Pictures excluded, reproduce exactly the lines below from the one with "A magyar csapat énekel a hollandoknak" through the one with "Tableta de los", both included.
□ □ □ □ □ □ □
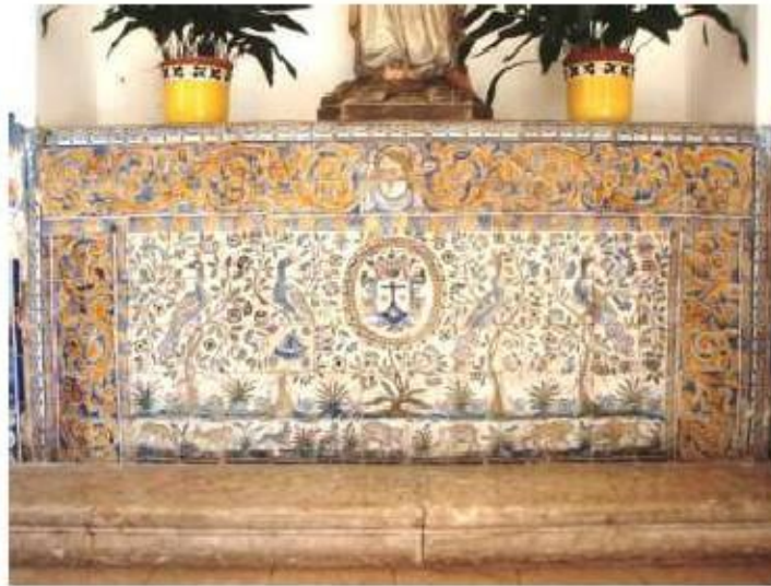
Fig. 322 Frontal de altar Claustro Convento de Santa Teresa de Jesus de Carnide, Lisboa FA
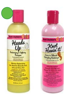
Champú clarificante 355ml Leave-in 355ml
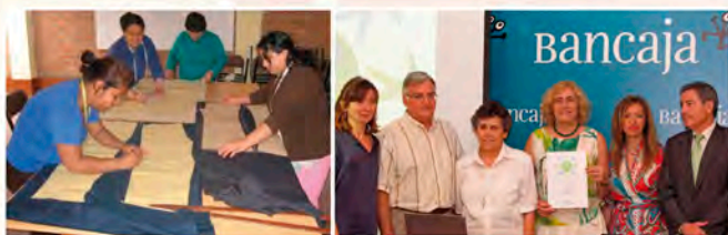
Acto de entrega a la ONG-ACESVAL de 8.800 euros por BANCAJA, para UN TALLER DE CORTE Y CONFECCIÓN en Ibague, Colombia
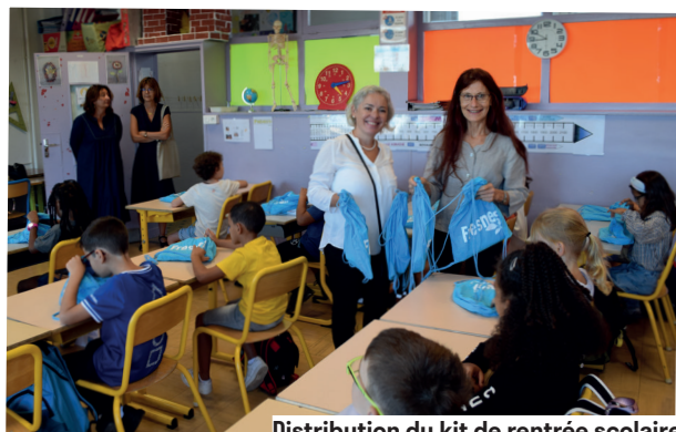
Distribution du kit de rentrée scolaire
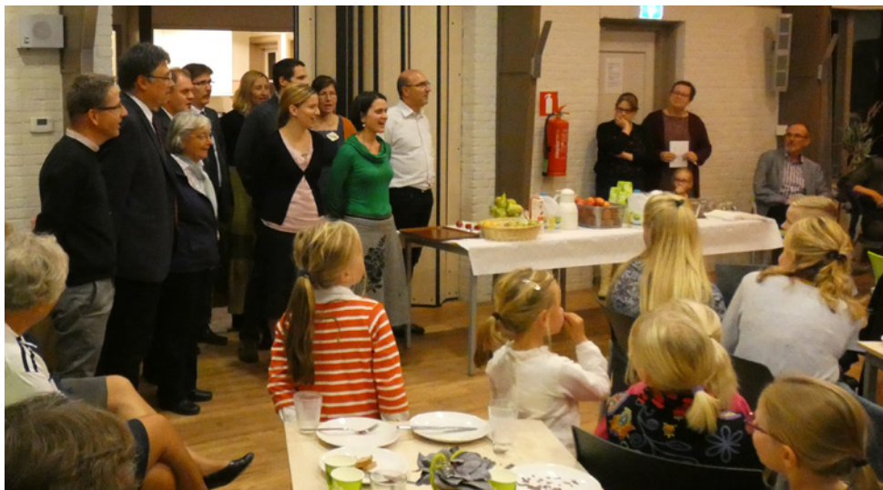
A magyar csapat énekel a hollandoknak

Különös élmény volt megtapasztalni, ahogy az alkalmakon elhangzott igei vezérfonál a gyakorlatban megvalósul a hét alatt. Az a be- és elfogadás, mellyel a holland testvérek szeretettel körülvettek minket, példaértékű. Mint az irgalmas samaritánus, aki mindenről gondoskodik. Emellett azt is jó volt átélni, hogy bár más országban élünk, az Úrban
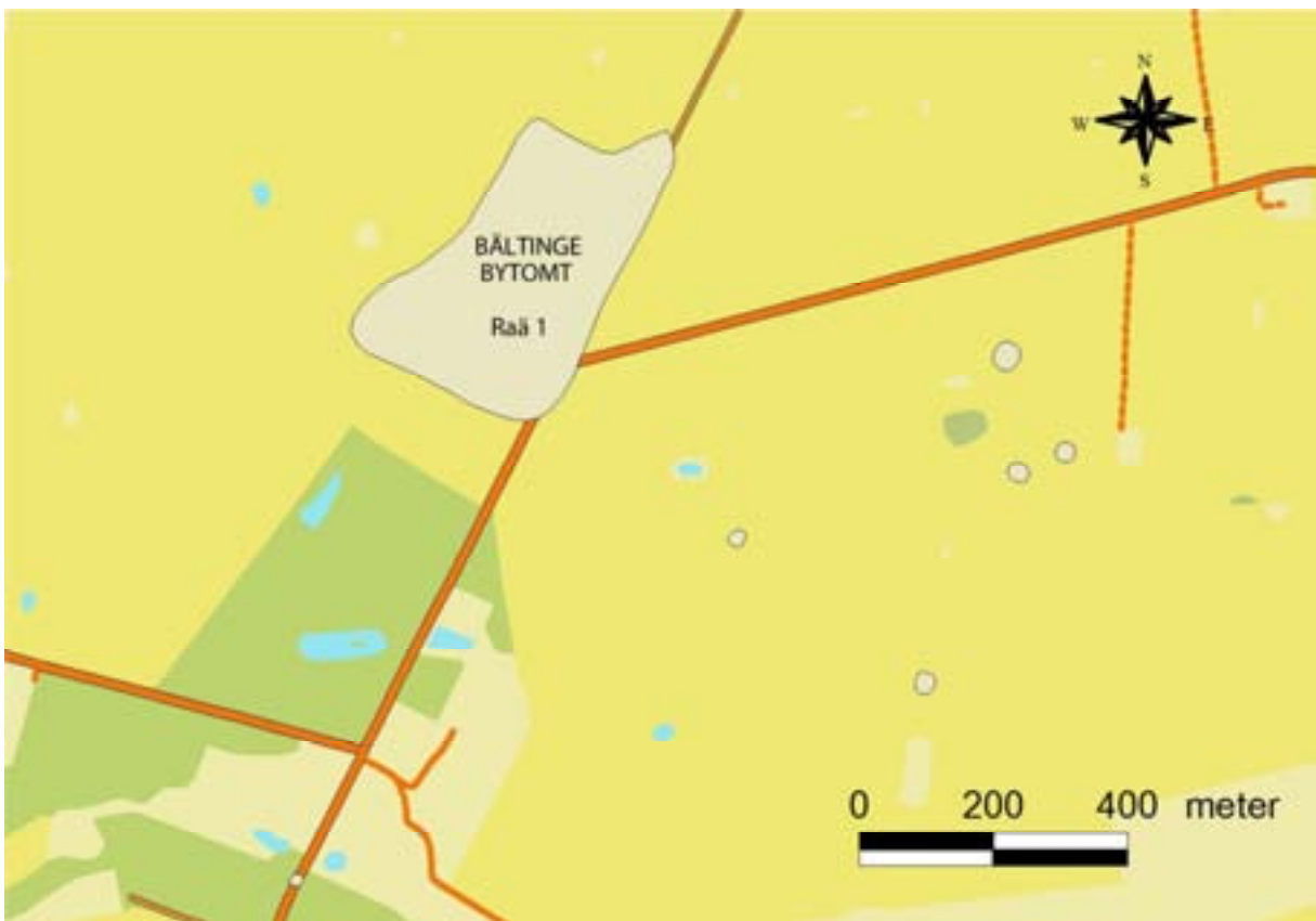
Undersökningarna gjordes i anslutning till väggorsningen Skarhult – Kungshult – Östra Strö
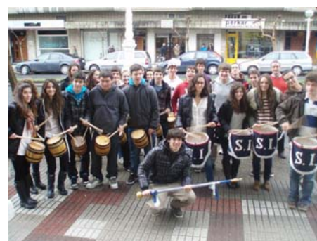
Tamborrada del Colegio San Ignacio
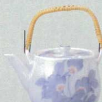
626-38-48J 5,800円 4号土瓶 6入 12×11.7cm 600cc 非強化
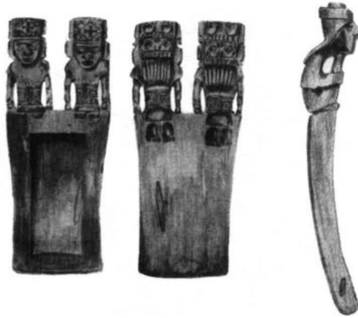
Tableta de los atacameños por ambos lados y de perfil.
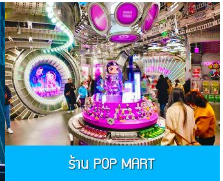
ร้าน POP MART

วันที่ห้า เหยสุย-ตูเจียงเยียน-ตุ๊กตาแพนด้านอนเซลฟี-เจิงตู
□ □ □ □ □ □ □
§ **EXERCISE ANSWER**
A magyar csapat énekel a hollandoknak

Különös élmény volt megtapasztalni, ahogy az alkalmakon elhangzott igei vezérfonál a gyakorlatban megvalósul a hét alatt. Az a be- és elfogadás, mellyel a holland testvérek szeretettel körülvettek minket, példaértékű. Mint az irgalmas samaritánus, aki mindenről gondoskodik. Emellett azt is jó volt átélni, hogy bár más országban élünk, az Úrban
Undersökningarna gjordes i anslutning till väggorsningen Skarhult – Kungshult – Östra Strö
Tamborrada del Colegio San Ignacio
626-38-48J 5,800円 4号土瓶 6入 12×11.7cm 600cc 非強化
Tableta de los atacameños por ambos lados y de perfil.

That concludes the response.